Description
Godbolt link to the code below: https://rust.godbolt.org/z/aKf3Wq
pub fn foo1(x: &[u32], y: &[u32]) -> u32 {
let mut sum = 0;
let chunk_size = y.len();
for (c, y) in y.iter().enumerate() {
for chunk in x.chunks_exact(chunk_size) {
sum += chunk[c] + y;
}
}
sum
}
This code has a bounds check for chunk[c]
although c < chunk_size
by construction.
The same code a bit more convoluted gets rid of the bounds check
pub fn foo2(x: &[u32], y: &[u32]) -> u32 {
let mut sum = 0;
let chunk_size = y.len();
for c in 0..chunk_size {
let y = y[c];
for chunk in x.chunks_exact(chunk_size) {
sum += chunk[c] + y;
}
}
sum
}
It seems like the information that 0 <= c < y.len()

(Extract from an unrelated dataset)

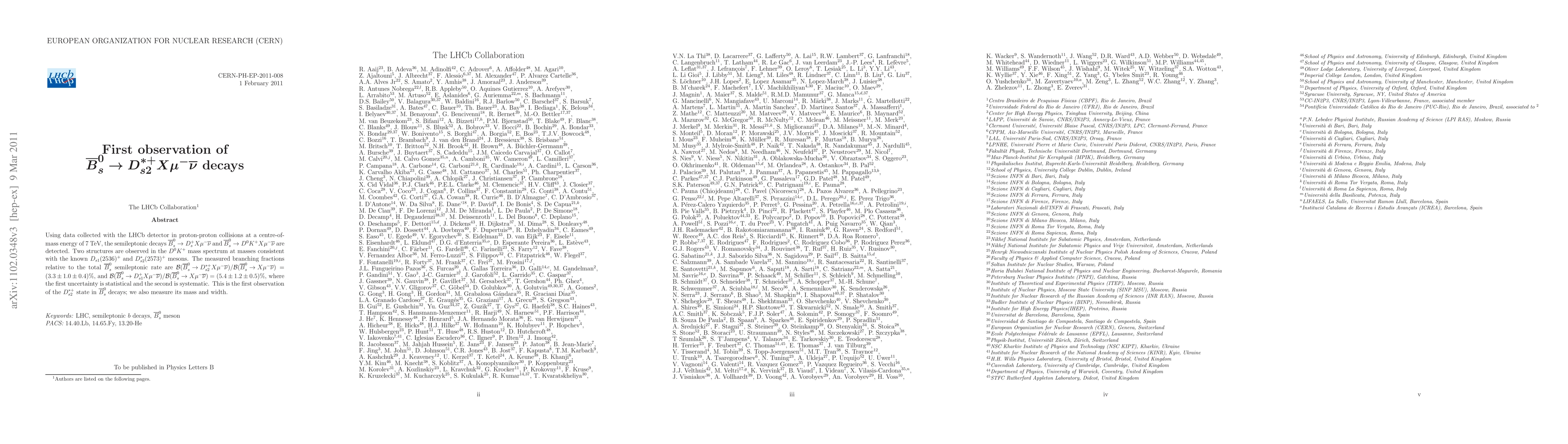 Using data collected with the LHCb detector in proton-proton collisions at a centre-of-mass energy of 7 TeV, the semileptonic decays Bs -> Ds+ X mu nu and Bs -> D0 K+ X mu nu are detected. Two structures are observed in the D0 K+ mass spectrum at masses consistent with the known D^+_{s1}(2536) and $D^{*+}_{s2}(2573) mesons. The measured branching fractions relative to the total Bs semileptonic rate are B(Bs -> D_{s2}^{*+} X mu nu)/B(Bs -> X mu nu)= (3.3\pm 1.0\pm 0.4)%, and B(Bs -> D_{s1}^+ X munu)/B(Bs -> X mu nu)= (5.4\pm 1.2\pm 0.5)%, where the first uncertainty is statistical and the second is systematic. This is the first observation of the D_{s2}^{*+} state in Bs decays; we also measure its mass and width.

gets lost for the optimizer when going via y.iter().enumerate()
. So this is unrelated to chunks_exact()
specifically but I can't come up with an equivalent example without it.
edit: As noticed in #75935 (comment), this can be worked around by defining a custom slice iterator that does counting of elements instead of working with an end pointer.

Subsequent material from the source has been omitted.